Serra Pelada

Die Serra Pelada ist ein brasilianisches Dorf, Bezirk der Gemeinde von Curionópolis, im Südosten von Pará.

Bärtiger Goldsucher in der Serra Pelada
Serra Pelada im Município de Curionópolis
Blick auf die überflutete Serra Pelada

Das Dorf liegt in der Nähe einer Bergkette ist ein bis 700 m hohes Mittelgebirge, in der Carajas-Region zwischen den Ortschaften Curionópolis und Parauapebas, etwa 40 Kilometer südwestlich von Marabá im brasilianischen Bundesstaat Pará.[1]

Geschichte

1976 wurde die Region erstmals mineralogisch untersucht und durch den Journalisten Ricardo Kotscho bekannt gemacht. In den Jahren 1978/1979 fand man größere Goldmengen, die in den 1980er Jahren eine Invasion von 80.000 bis zu einer halben Million Goldgräbern (portugiesisch garimpeiros) auslöste. Vor allem landlose Bauern aus den armen nordöstlichen Bundesstaaten Brasiliens und Glücksritter fielen in der Serra Pelada ein und bildeten unkontrollierte Hüttensiedlungen. In den tropischen Regenwald wurde mit einfachen Mitteln wie Schaufeln und Spitzhacken ein 120 Meter tiefes und 300 Meter breites Loch gegraben und das Gold im Tagebau ausgebeutet. Der dadurch ausgelöste Goldrausch war der größte Lateinamerikas und einer der größten des 20. Jahrhunderts nach dem Klondike-Goldrausch in Alaska.[2]

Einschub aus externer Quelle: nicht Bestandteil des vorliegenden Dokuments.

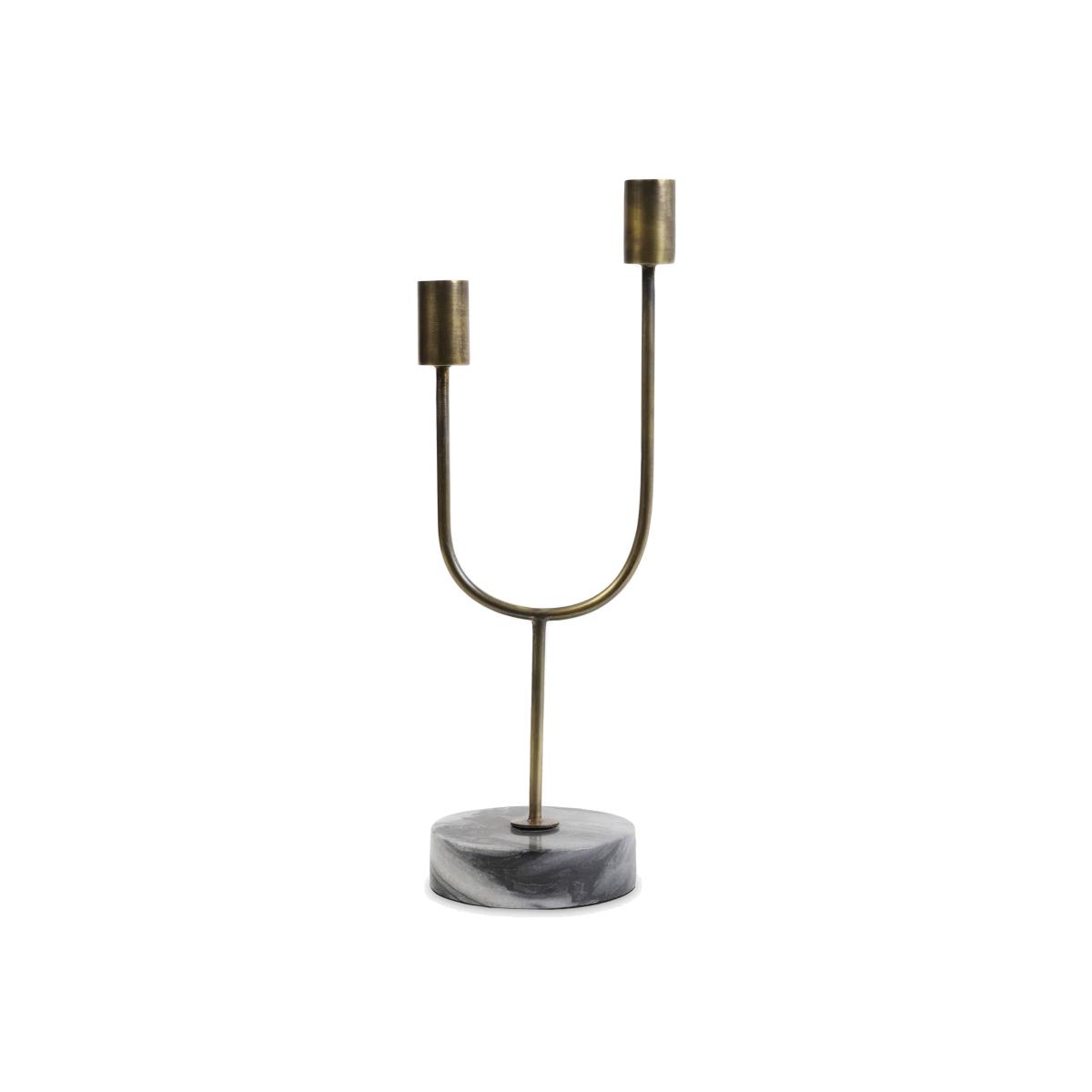 Add warmth and elegance to your home decor with our black marble Florike candle holder. A contemporary take on a traditional candelabra, it will elevate your living room mantle piece, side table, dining table, or outdoor patio with glamorous tones. Designed with gold-tone curved forged metal candle holders and a pink marble base, this modern candleholder makes an eye-catching statement. Transform your room's ambience and enjoy the calm glow of candlelight enhanced by Florik'e golden metal hues. Our Florike candlestick would give your house a sense of refinement with its gold finish and finely curved marble base shape.

Der Tagebau galt hinsichtlich der Arbeiterzahl als einer der größten der Welt und lockte neben den Minenarbeitern auch Glücksritter, Abenteurer und Kriminelle[3] an. Für viele blieb auch nur der Aufenthalt auf der cata, der Parzelle, wo gearbeitet und sogar die Notdurft verrichtet wurde.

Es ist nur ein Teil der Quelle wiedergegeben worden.